Book Read Free

The Unlikely Escape of Uriah Heep

Page 19

by H. G. Parry


  They were closing up. Most of the chairs were stacked on tables, and I had to shout over the roar of a vacuum to ask if they could give us any pizza at this time of night. They’d turned off the ovens, but they had assorted slices left that they offered to put in a box for me. I thanked them, picked up three cans of soft drink from the freezer, and leaned against the counter to wait for my order.

  I had come here as a first-year law student one night during exams week. I had been hunched over my desk, notes swimming in front of my eyes and my nerves about ready to snap, when my neighbor from two rooms down had come banging on the door.

  “We’re going into town to eat pizza and gelato,” he’d said.

  “Who is?”

  “All of us. The floor. Maybe the building.”

  “I have an exam in the morning.”

  “So do half of us. The rest have one in the afternoon. Some of us have both. We’re calling it an experimental trial: pizza and gelato as a last-minute study tool.”

  “Sign me up,” I said at once, because I was eighteen and an idiot.

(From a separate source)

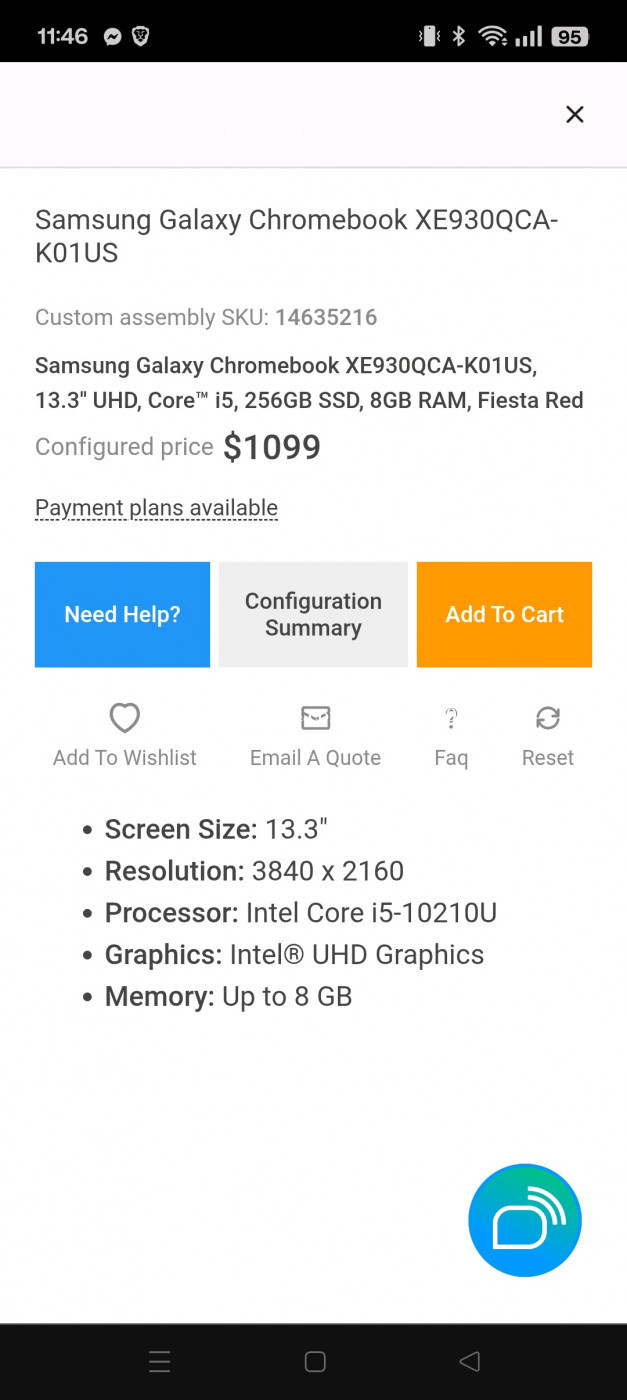 Bought wrong laptop, don't know how to use Chromebook much. Dun use much. So want to sell out. Full set with Messenger protected bag. Samsung Galaxy Chromebook XE930QCA-K01US, 13.3'' UHD, Core™ i5, 256GB SSD, 8GB RAM, Fiesta Red Selling in the US: $1,099. Selling 50% of the price only. https://www.avadirect.com/Samsung-Galaxy-Chromebook-XE930QCA-K01US-13-3-UHD-Core-i5-256GB-SSD-8GB-RAM-Fiesta-Red/Configure/14635216

  We had ended up here, bankrupting ourselves on pizza that was bubbly and hot and gelato that was creamy and cold, and making far too much noise about it. Afterward, we had gone to the waterfront. It was deserted, and the lights reflecting on the water had been dazzling in the expanse. We had stood on the edge of the harbor, tried to outyell the wind, and were nearly blown into the sea in the process. I sat the exam the next day on about half an hour of sleep, came home so tired that I crashed on my bed and slept through to the next day, and somehow received an A, though I was never brave enough to repeat the experiment.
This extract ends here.